Did you ever wonder why the best comedians are blacks, Canadians, and Jews?

The reason certainly can’t be gleaned from the usual prisms of race, class, or the other familiar, politically correct standards used to identify the Coalition of the Oppressed. Jews are pretty wealthy (they live like Episcopalians but vote like Puerto Ricans, goes the famous line), blacks on average are not. Blacks are lagging in educational achievement while Jews are ahead of the curve. Jews and blacks may have a significant history of oppression and discrimination but the most you can say about the Canadians on this score is that they merely think they do.

And that fact might point to the answer. Blacks, Canadians, and Jews are, each in their own way, insider-outsiders. They share both a fascination with and alienation from mainstream American culture Comedians from these groups tend to have mastered their own subculture as well as the majority culture (if you like, you can throw gays into this mix as well). One doesn’t need to study the profiles of Chris Rock, Michael Meyers, or Jon Stewart to understand that these folks absorbed popular culture from just outside the fishbowl. It’s a visitor-from-Mars thing. Most jokes are funny when they illuminate unnoticed links, connections, meanings from common experiences (Didja ever notice…?, It’s funny because it’s true!). This critical distance need not be ironic, cynical, or fodder for mockery. Indeed, it is more often a source of love and a yearning to belong.

Now, you might be wondering what any of this has to do with conservatism. And my answer would be: a lot. I’ve visited scores of college campuses over the years and one of the things that you notice is that the best conservatives are, on average, simply sharper than the best liberals. Obviously, there are any number of exceptions to this. There are plenty of mule-headed Right-wingers and any number of insightful and interesting young liberals. But at the far-right tail of the bell curve, the conservative kids are just a bit, well, better—better at explaining and articulating their ideas, better at weighing their feelings against the facts, better at sticking to their principles despite pressure from both their peers and their professors.

I think the reason for this is that, like blacks, Jews, and Canadians, young conservatives—at least on college campuses—must master their own culture and learn to live in the majority culture. And, unlike blacks or gays (leave Canadians and Jews out of it), they cannot rely on condescending professors to cut them some slack. Few professors want to get crosswise with the cult of victimology. And that’s what would happen if a professor violated the sumptuary laws of political correctness that manifest themselves as identity politics.

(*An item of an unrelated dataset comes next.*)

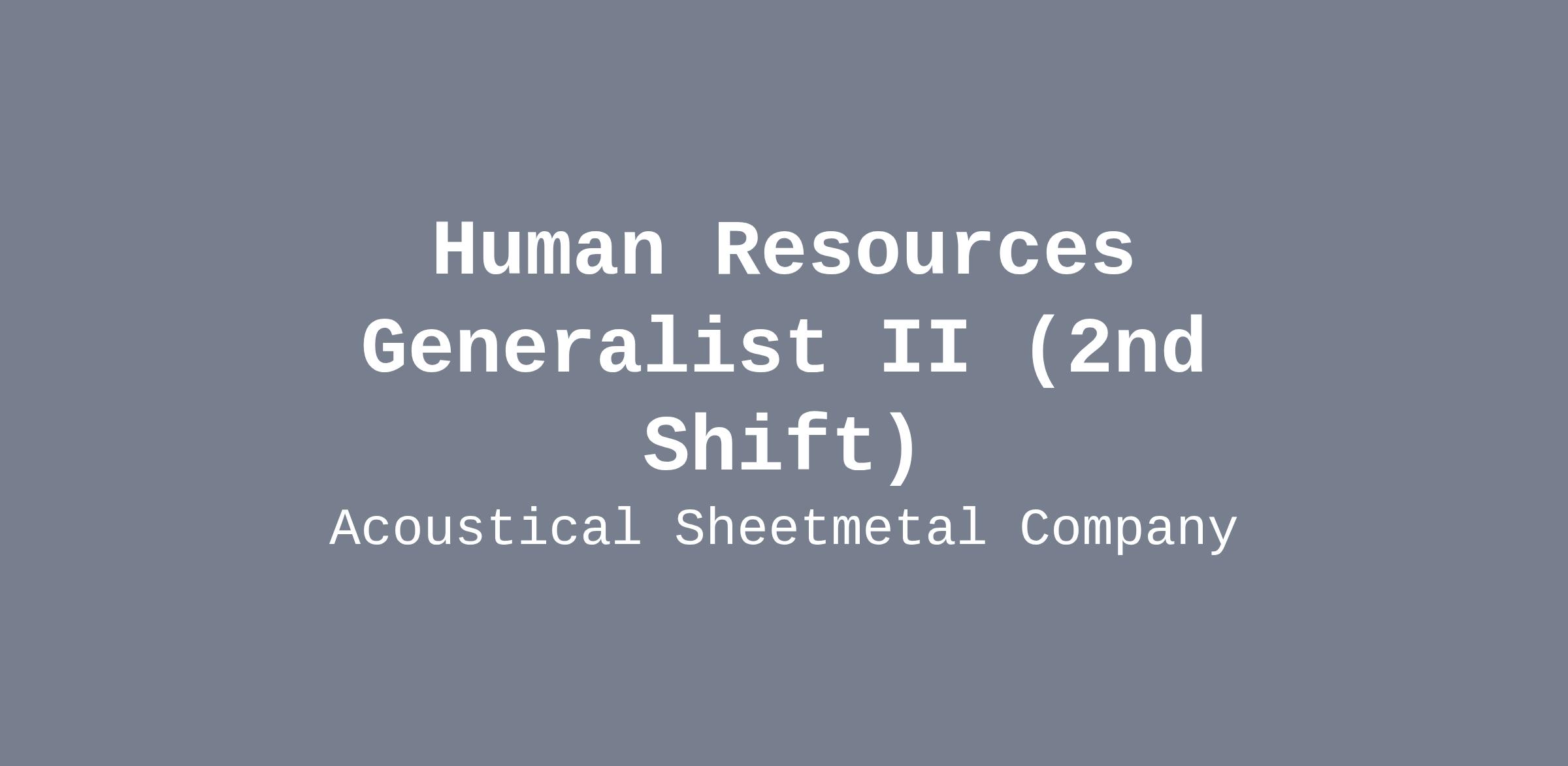 Acoustical Sheetmetal is seeking a dynamic and HR Generalist II to play a vital role in supporting the day-to-day operations of our Human Resources department. This position is key to ensuring a positive and productive workplace, where employees feel supported and policies are consistently upheld. We’re looking for someone who’s passionate about people and ready to contribute to a growing, hardworking team. The hours for this position are 11am – 9pm, Monday through Thursday. The candidate will provide HR support for our second shift employees. The role will require flexibility to support both of our manufacturing plants located in Virginia Beach as needed.

But conservative kids are fair game. Indeed, wrenching the conservatism out of students has been one of the top priorities for many professors for more than a generation now. Even before the New Left (now quite old, truth be told) launched its march through the institutions in the 1960s, progressive professors believed it was their mission to remold the young. Woodrow Wilson, as president of Princeton, insisted that the first duty of the educator was to make children as unlike their parents as possible.

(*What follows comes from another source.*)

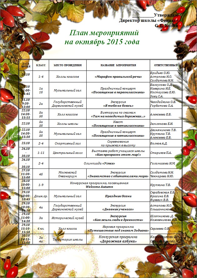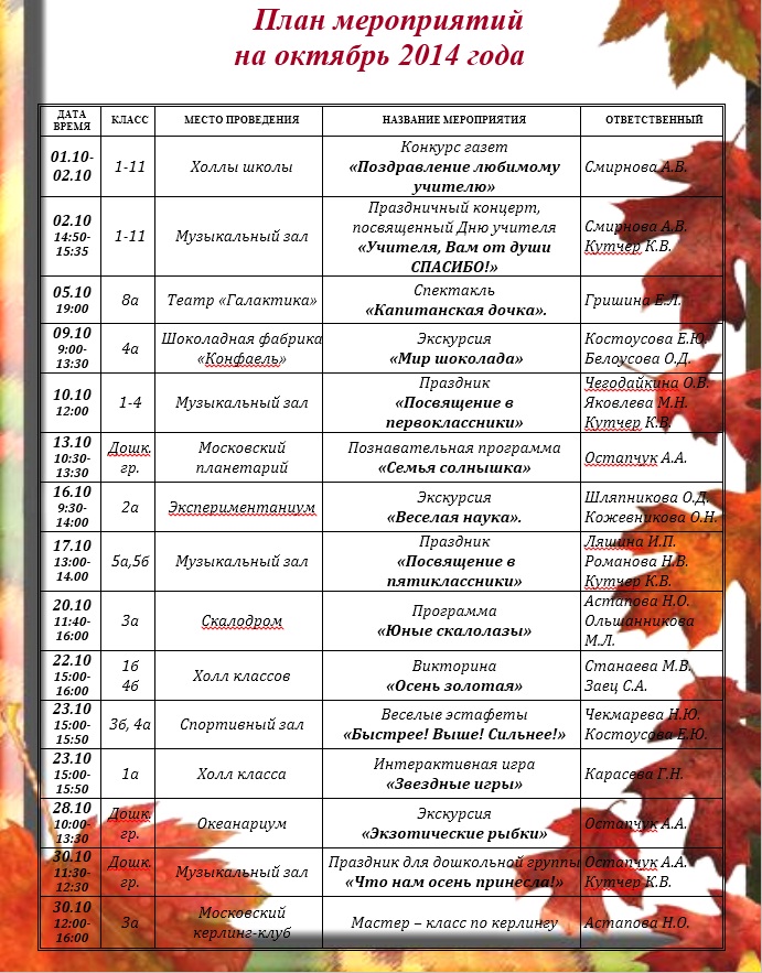 Картинка План На Октябрь

And so, today conservative college students routinely find themselves in the crosshairs of the professors as well as their peers. This is often unfair, but there’s also a Darwinian benefit. The best learning is Socratic. It comes from having your core views questioned and challenged. Even the sharpest liberal students get much of their college and high school education passively—because they already agree with what the professor has to say. Their prejudices are confirmed, not challenged. Not so with conservative students. They are reminded every day that they are slightly out of tune with the majority. They see things with their head cocked slightly to the side.

The same trend applies in nearly all intellectual vocations. In higher education, the media, government, and that vast but ill-defined vocation sometimes called the helping professions, conservatives have to swim upstream. This makes things harder for them, but it also builds muscle.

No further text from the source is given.